▸ Data excerpt:
· · · · ·
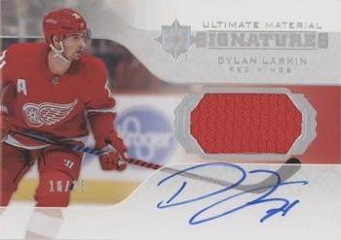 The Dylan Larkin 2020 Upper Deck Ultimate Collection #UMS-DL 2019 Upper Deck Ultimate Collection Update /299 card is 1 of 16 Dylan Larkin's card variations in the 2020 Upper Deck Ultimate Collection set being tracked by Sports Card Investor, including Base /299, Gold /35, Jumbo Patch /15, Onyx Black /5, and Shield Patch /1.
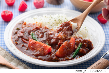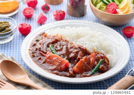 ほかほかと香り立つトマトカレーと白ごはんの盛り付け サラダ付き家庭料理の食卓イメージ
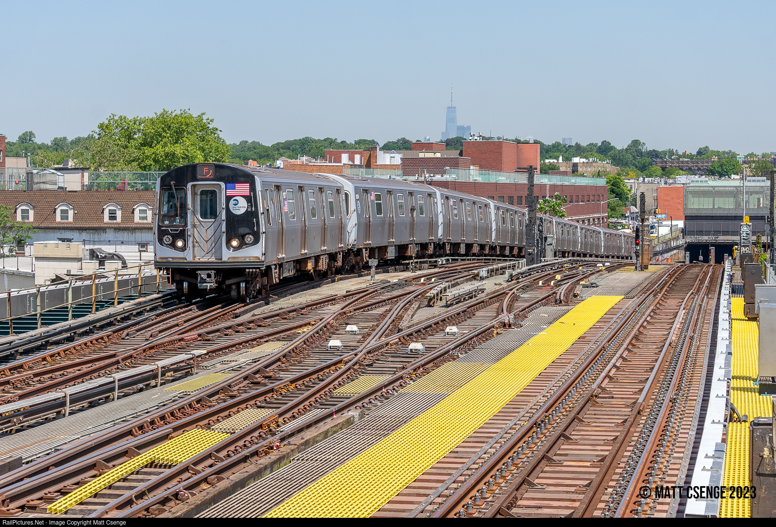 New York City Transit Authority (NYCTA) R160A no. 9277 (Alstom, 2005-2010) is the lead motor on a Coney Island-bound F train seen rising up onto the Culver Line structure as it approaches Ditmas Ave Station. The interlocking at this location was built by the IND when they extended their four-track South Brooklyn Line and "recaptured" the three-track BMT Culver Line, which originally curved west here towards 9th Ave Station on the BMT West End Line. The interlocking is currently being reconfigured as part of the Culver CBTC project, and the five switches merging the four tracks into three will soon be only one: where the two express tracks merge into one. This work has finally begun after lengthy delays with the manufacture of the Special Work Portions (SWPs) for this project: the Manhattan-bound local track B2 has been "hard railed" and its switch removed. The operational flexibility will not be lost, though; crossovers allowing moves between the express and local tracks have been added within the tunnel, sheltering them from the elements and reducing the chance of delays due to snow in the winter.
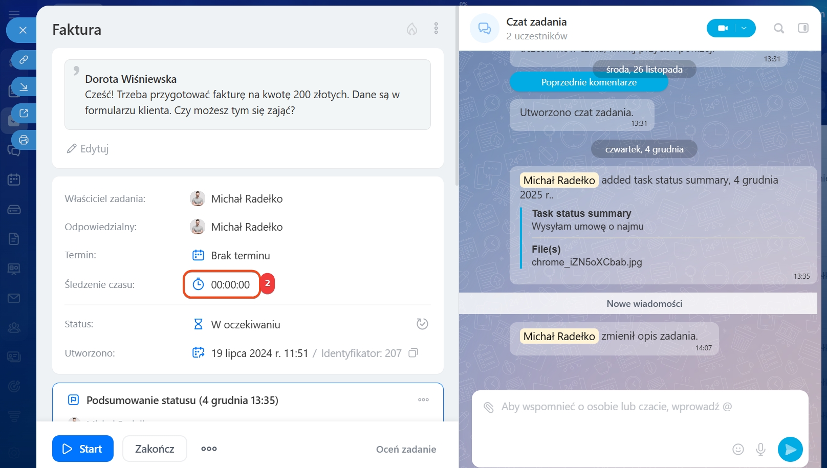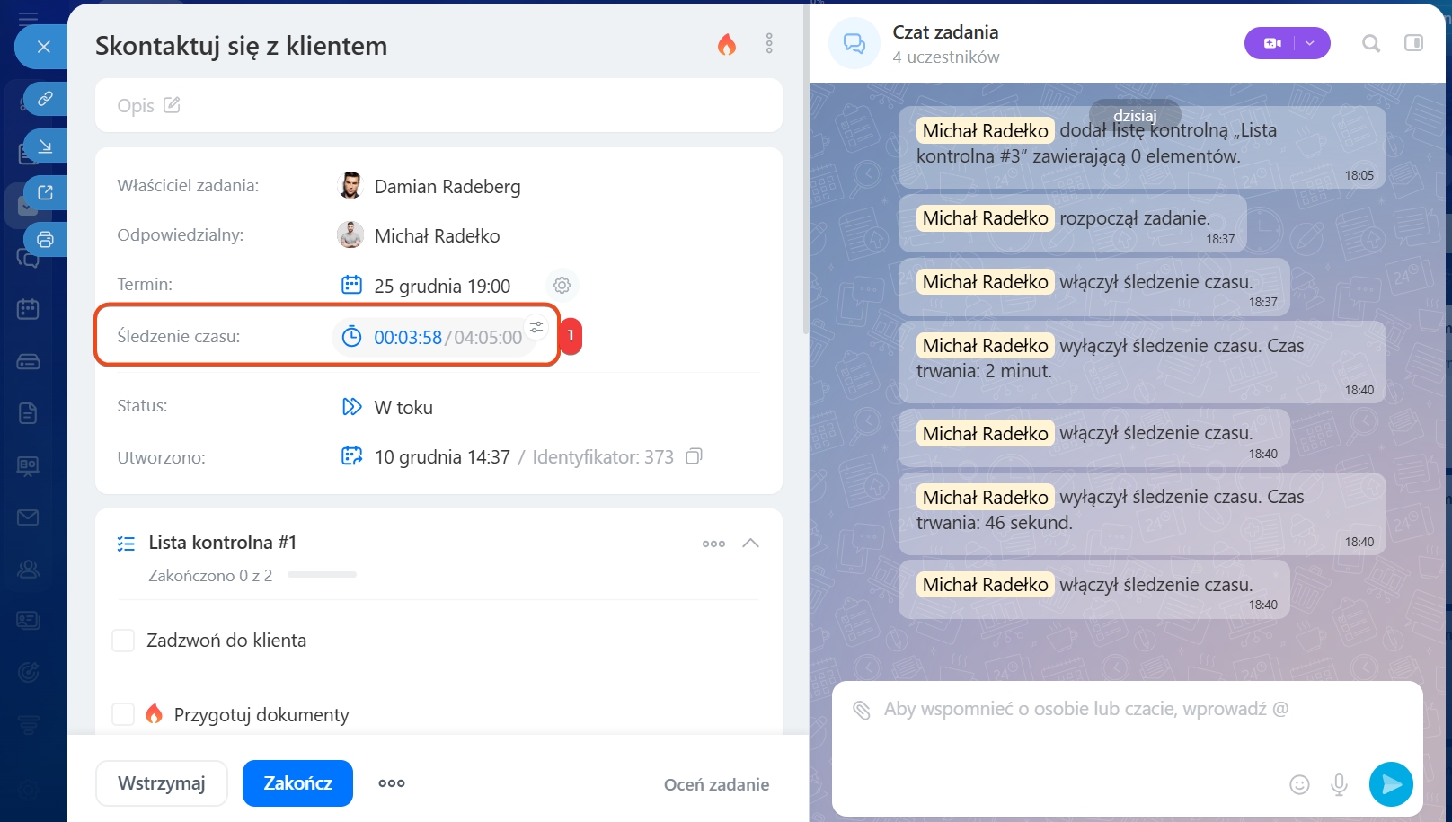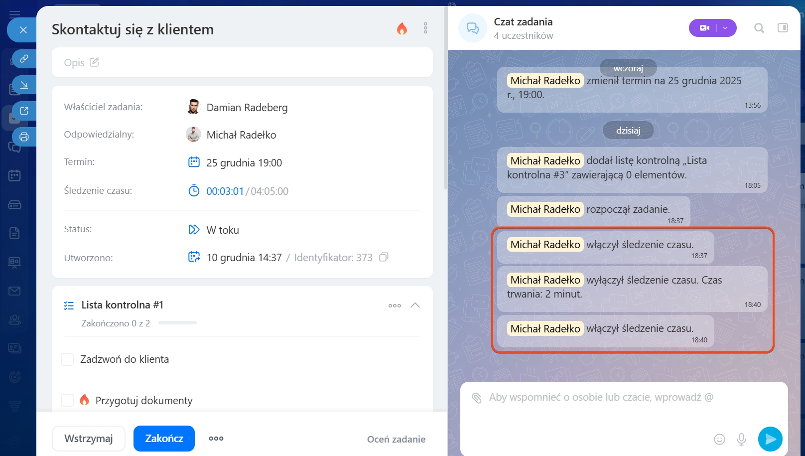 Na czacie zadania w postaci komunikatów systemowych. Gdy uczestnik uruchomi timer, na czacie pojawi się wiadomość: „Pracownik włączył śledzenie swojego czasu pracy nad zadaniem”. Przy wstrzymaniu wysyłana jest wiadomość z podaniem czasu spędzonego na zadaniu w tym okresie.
· · · · ·
▸ What this task involves: Without the pictures, repeat the listing word for word.

▸ Your solution:
 The Dylan Larkin 2020 Upper Deck Ultimate Collection #UMS-DL 2019 Upper Deck Ultimate Collection Update /299 card is 1 of 16 Dylan Larkin's card variations in the 2020 Upper Deck Ultimate Collection set being tracked by Sports Card Investor, including Base /299, Gold /35, Jumbo Patch /15, Onyx Black /5, and Shield Patch /1.
 ほかほかと香り立つトマトカレーと白ごはんの盛り付け サラダ付き家庭料理の食卓イメージ
 New York City Transit Authority (NYCTA) R160A no. 9277 (Alstom, 2005-2010) is the lead motor on a Coney Island-bound F train seen rising up onto the Culver Line structure as it approaches Ditmas Ave Station. The interlocking at this location was built by the IND when they extended their four-track South Brooklyn Line and "recaptured" the three-track BMT Culver Line, which originally curved west here towards 9th Ave Station on the BMT West End Line. The interlocking is currently being reconfigured as part of the Culver CBTC project, and the five switches merging the four tracks into three will soon be only one: where the two express tracks merge into one. This work has finally begun after lengthy delays with the manufacture of the Special Work Portions (SWPs) for this project: the Manhattan-bound local track B2 has been "hard railed" and its switch removed. The operational flexibility will not be lost, though; crossovers allowing moves between the express and local tracks have been added within the tunnel, sheltering them from the elements and reducing the chance of delays due to snow in the winter.
 Na czacie zadania w postaci komunikatów systemowych. Gdy uczestnik uruchomi timer, na czacie pojawi się wiadomość: „Pracownik włączył śledzenie swojego czasu pracy nad zadaniem”. Przy wstrzymaniu wysyłana jest wiadomość z podaniem czasu spędzonego na zadaniu w tym okresie.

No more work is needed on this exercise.